What the task requires
Once "Все аукционы NISSAN NV150 AD" turns up in a line below, reproduce that line and those after it exactly, stopping after the line with "The Mulholland Drive"; leave pictures out.

***** Data shown *****

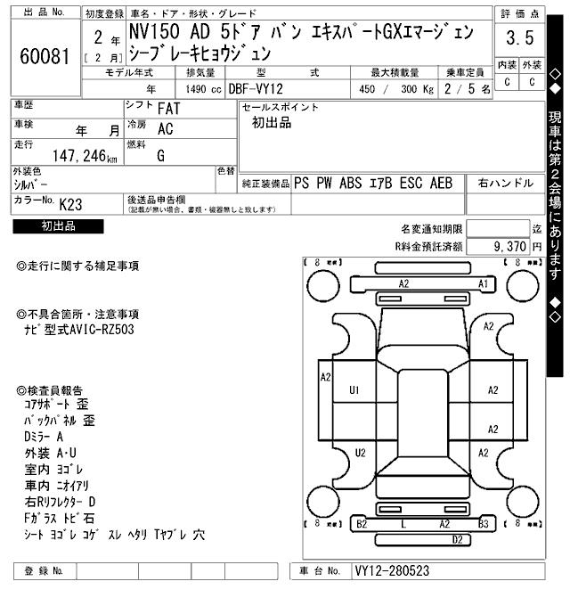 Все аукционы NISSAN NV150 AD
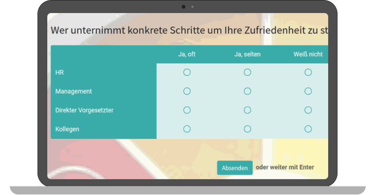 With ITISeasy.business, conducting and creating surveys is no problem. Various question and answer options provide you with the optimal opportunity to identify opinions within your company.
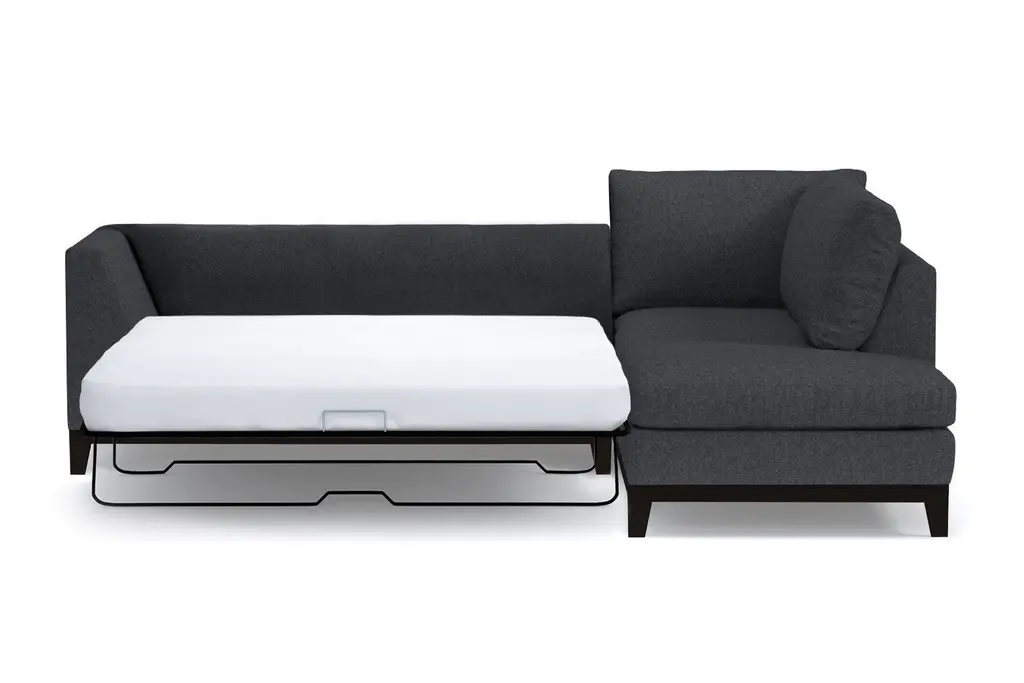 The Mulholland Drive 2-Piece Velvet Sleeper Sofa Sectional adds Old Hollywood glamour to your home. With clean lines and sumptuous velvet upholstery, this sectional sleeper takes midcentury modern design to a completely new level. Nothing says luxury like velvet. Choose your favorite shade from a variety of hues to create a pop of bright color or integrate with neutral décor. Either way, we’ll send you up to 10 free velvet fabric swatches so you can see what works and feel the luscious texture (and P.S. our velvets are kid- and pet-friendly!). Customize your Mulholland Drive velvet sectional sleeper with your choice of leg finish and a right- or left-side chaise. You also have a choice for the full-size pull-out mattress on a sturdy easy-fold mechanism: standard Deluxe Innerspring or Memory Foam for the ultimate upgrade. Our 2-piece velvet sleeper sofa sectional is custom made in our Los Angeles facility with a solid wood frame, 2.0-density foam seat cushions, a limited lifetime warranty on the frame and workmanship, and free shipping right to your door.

*****
***** Data shown *****

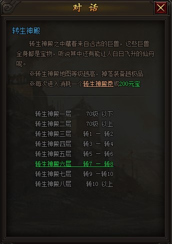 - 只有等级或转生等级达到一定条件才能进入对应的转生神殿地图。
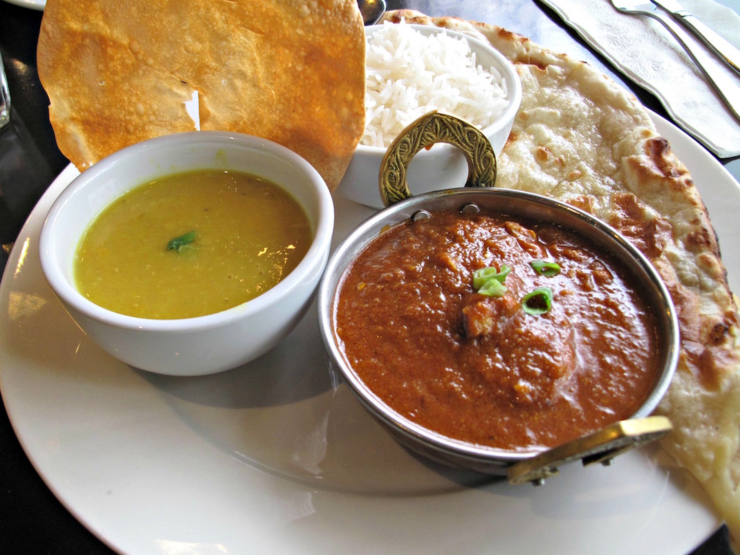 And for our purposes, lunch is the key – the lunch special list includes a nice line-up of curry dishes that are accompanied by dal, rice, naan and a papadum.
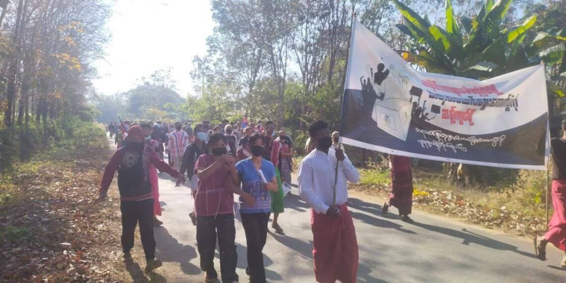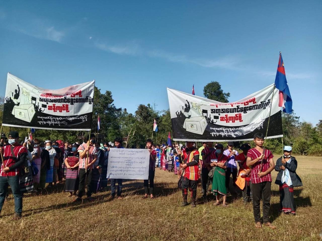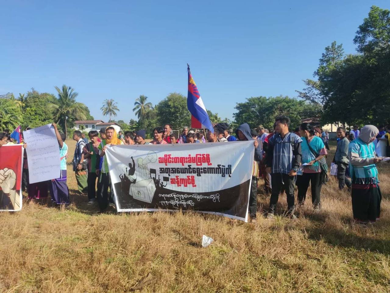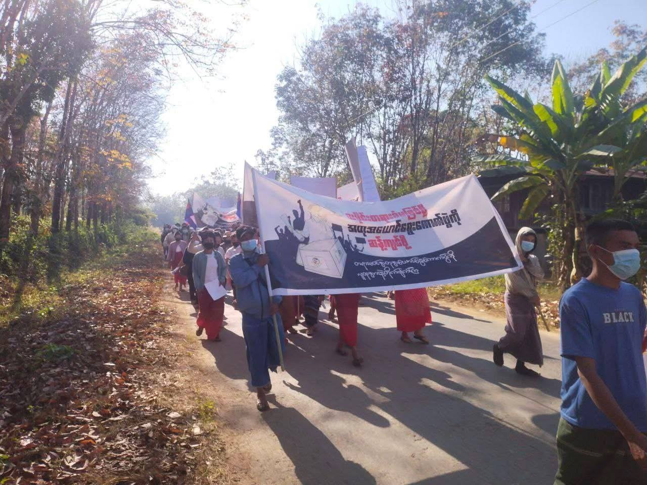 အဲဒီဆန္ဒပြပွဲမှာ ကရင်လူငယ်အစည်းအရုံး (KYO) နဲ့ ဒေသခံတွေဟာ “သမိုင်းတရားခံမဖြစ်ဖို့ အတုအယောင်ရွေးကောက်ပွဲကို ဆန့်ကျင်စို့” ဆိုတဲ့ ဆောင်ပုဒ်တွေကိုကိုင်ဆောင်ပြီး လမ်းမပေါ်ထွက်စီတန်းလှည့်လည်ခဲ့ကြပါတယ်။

*****

Task solution
 Все аукционы NISSAN NV150 AD
 With ITISeasy.business, conducting and creating surveys is no problem. Various question and answer options provide you with the optimal opportunity to identify opinions within your company.
 The Mulholland Drive 2-Piece Velvet Sleeper Sofa Sectional adds Old Hollywood glamour to your home. With clean lines and sumptuous velvet upholstery, this sectional sleeper takes midcentury modern design to a completely new level. Nothing says luxury like velvet. Choose your favorite shade from a variety of hues to create a pop of bright color or integrate with neutral décor. Either way, we’ll send you up to 10 free velvet fabric swatches so you can see what works and feel the luscious texture (and P.S. our velvets are kid- and pet-friendly!). Customize your Mulholland Drive velvet sectional sleeper with your choice of leg finish and a right- or left-side chaise. You also have a choice for the full-size pull-out mattress on a sturdy easy-fold mechanism: standard Deluxe Innerspring or Memory Foam for the ultimate upgrade. Our 2-piece velvet sleeper sofa sectional is custom made in our Los Angeles facility with a solid wood frame, 2.0-density foam seat cushions, a limited lifetime warranty on the frame and workmanship, and free shipping right to your door.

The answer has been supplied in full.